**** Information shown

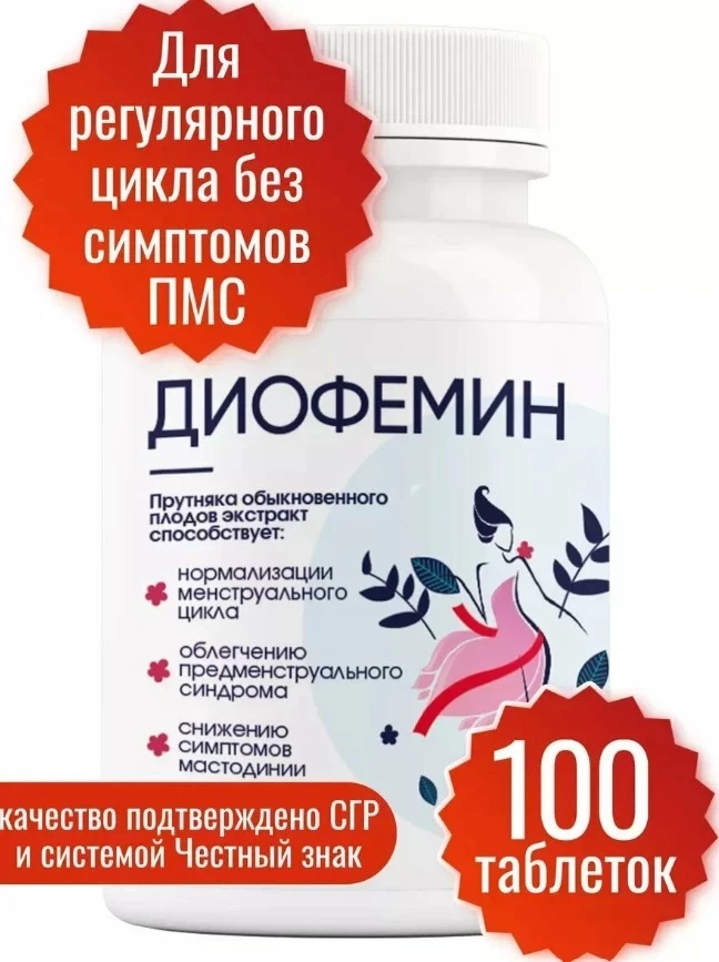 Диофемин 100 таблеток Миофарм при климаксе / при менопаузе / для снижения симптомов климакса и менопаузы. Экстракт сухой витекса священного, фолиевая кислота
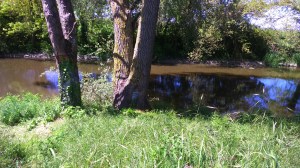 I arrived at the M S-M service buildings: restaurants, shops (though I followed the signs and found none), toilets (equally hard to locate), and so on. And then having completed the ‘Chemin de la Baie’ I launched straight, alongside the River Cuesnon, a new ‘randonnée’ in the direction of Pontorson.
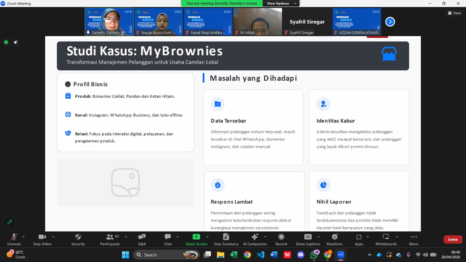 Pemaparan materi oleh Ibuk Zarnelly, S.Kom., M.Sc. mengenai studi kasus transformasi manajemen pelanggan pada usaha lokal MyBrownies.
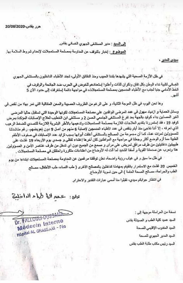 هذا وتجدر الإشارة إلى أن الأطباء الداخليون سيواصلون مهامهم بالمصالح الأخرى: طب النساء، طب الأطفال، مصالح الطب والجراحة، مصالح الصحة العامة، إلى حين تسوية الأوضاع.
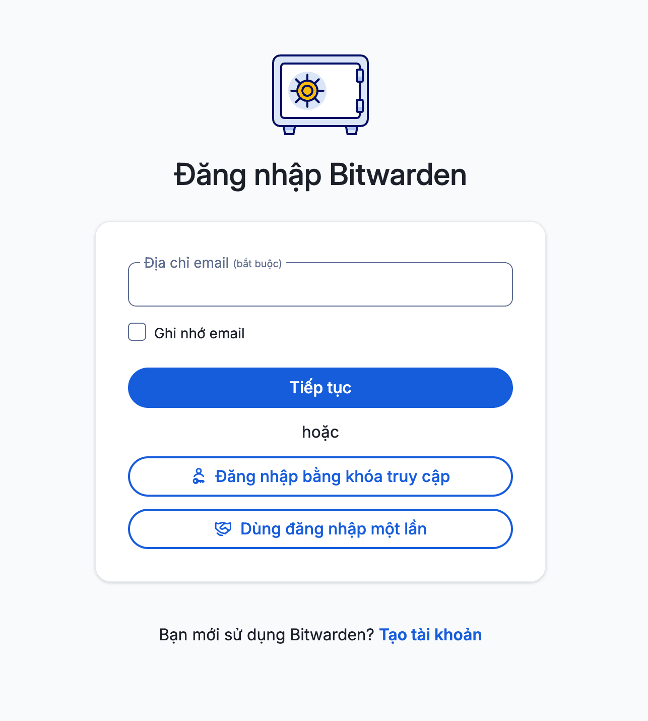 After completion, you access the domain configured for Bitwarden to start using. On the first access, the system will display the new account creation interface.
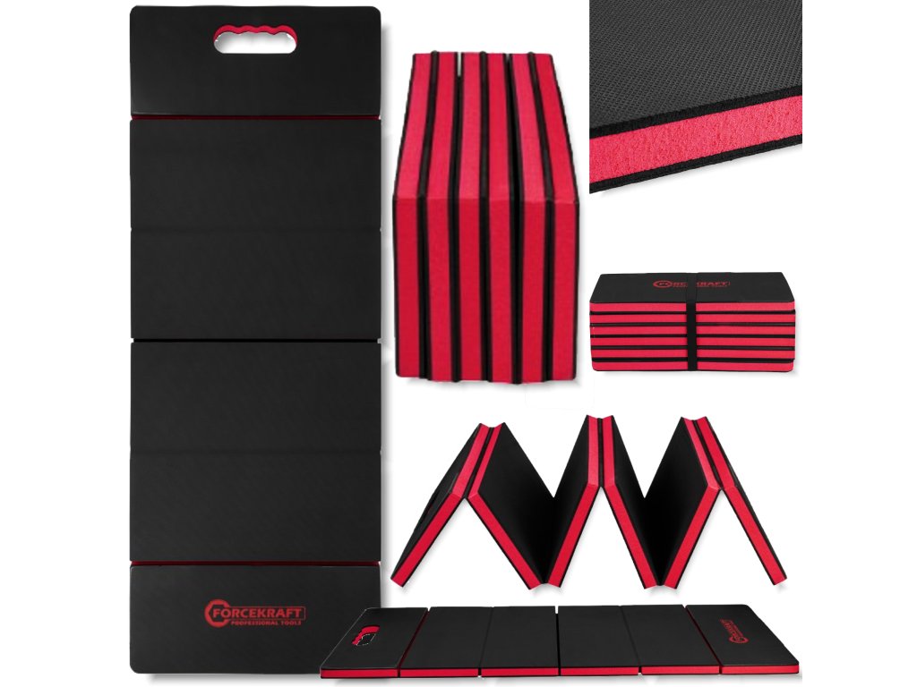 Skládací dílenská podložka Forcekraft je univerzální pomůcka pro každého, kdo pracuje na autech, na zahradě, v garáži nebo při domácích pracích. Díky vysoké odolnosti proti oleji, benzínu a vodě je podložka vhodná jak pro intenzivní dílenské použití, tak pro nouzové opravy v terénu.
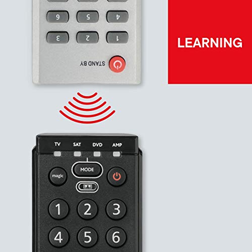 Em termos de funções, oferece o mínimo, mas é um comando de televisão universal ideal para pessoas idosas que não requerem muitas funções. Na verdade, é o modelo mais vendido da Amazon pela sua boa funcionalidade e preço realmente baixo. É compatível com muitas marcas para televisores, equipamento de áudio e vídeo.
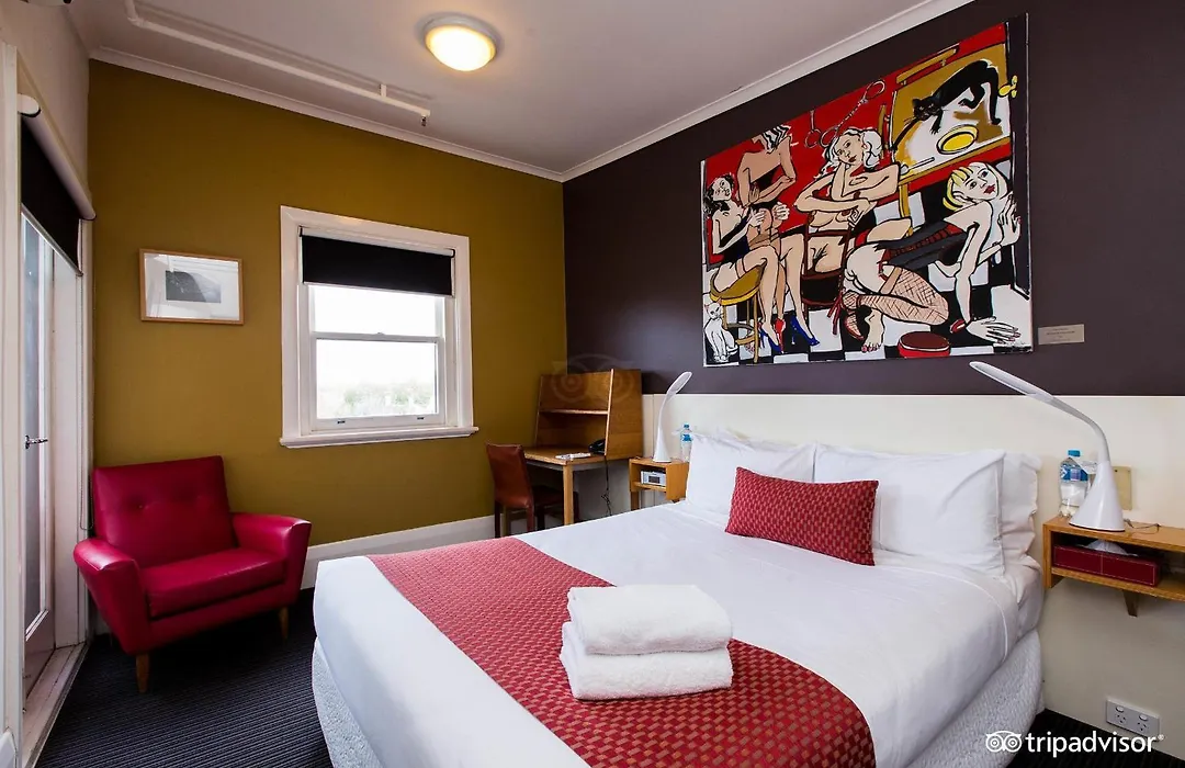 Tolarno Hotel, a 4-star hotel, features vibrant rooms and an on-site fine-dining restaurant, Bergerac at Tolarno. Located in St Kilda, it offers easy access to Melbourne's CBD and is suited for both leisure and business travelers.
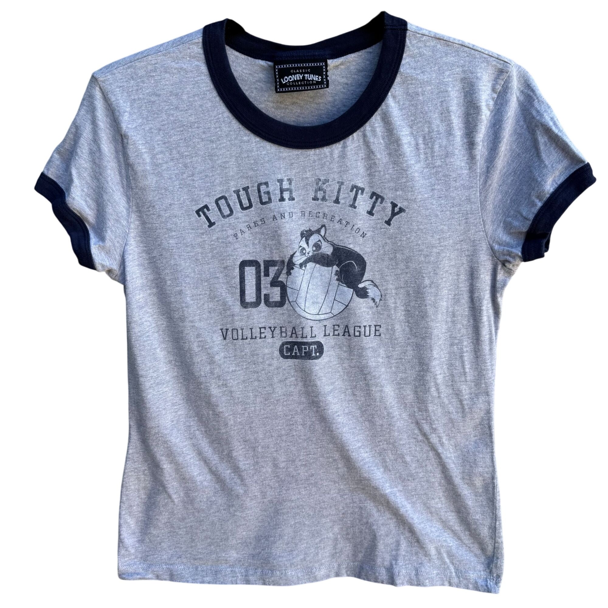 Looney Tunes Vintage Y2K Tough Kitty Volleyball League Ringer Babydoll Tee M
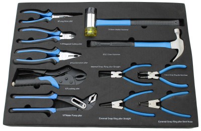 Quarta gaveta: alicate de bomba de água, alicate de freio, martelo de garra, martelo, alicate de ponta longa, alicate de combinação, alicate de bloqueio, alicate diagonal.
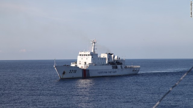| Tàu hải cảnh Trung Quốc áp sát tàu cảnh sát biển 8003 của Việt Nam. Ảnh: CNN |
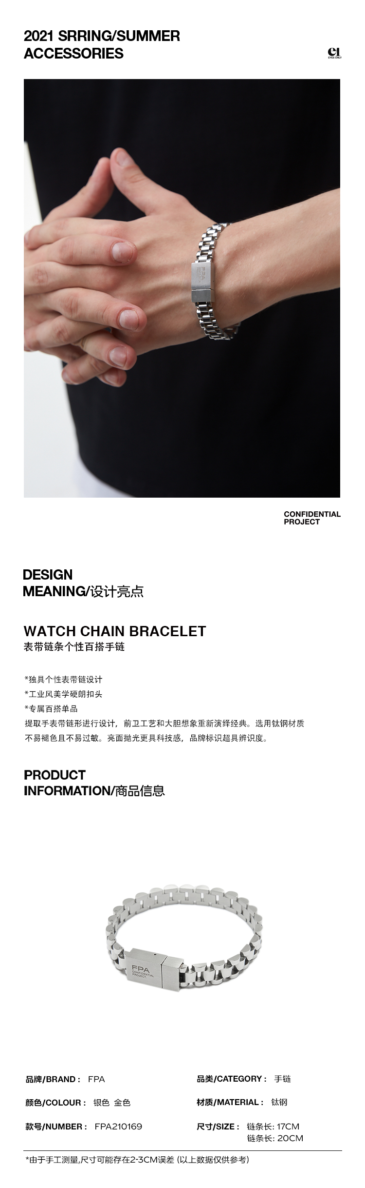 FPA(VENGETICE) 表带链条个性百搭手链 国潮嘻哈hiphop男

********

Among the entries above, locate the line with "Skládací dílenská podložka" and the line with "Tolarno Hotel, a". Give those two lines and all lines between them again, exactly, leaving out the pictures.

(Solution to this task):
 Skládací dílenská podložka Forcekraft je univerzální pomůcka pro každého, kdo pracuje na autech, na zahradě, v garáži nebo při domácích pracích. Díky vysoké odolnosti proti oleji, benzínu a vodě je podložka vhodná jak pro intenzivní dílenské použití, tak pro nouzové opravy v terénu.
 Em termos de funções, oferece o mínimo, mas é um comando de televisão universal ideal para pessoas idosas que não requerem muitas funções. Na verdade, é o modelo mais vendido da Amazon pela sua boa funcionalidade e preço realmente baixo. É compatível com muitas marcas para televisores, equipamento de áudio e vídeo.
 Tolarno Hotel, a 4-star hotel, features vibrant rooms and an on-site fine-dining restaurant, Bergerac at Tolarno. Located in St Kilda, it offers easy access to Melbourne's CBD and is suited for both leisure and business travelers.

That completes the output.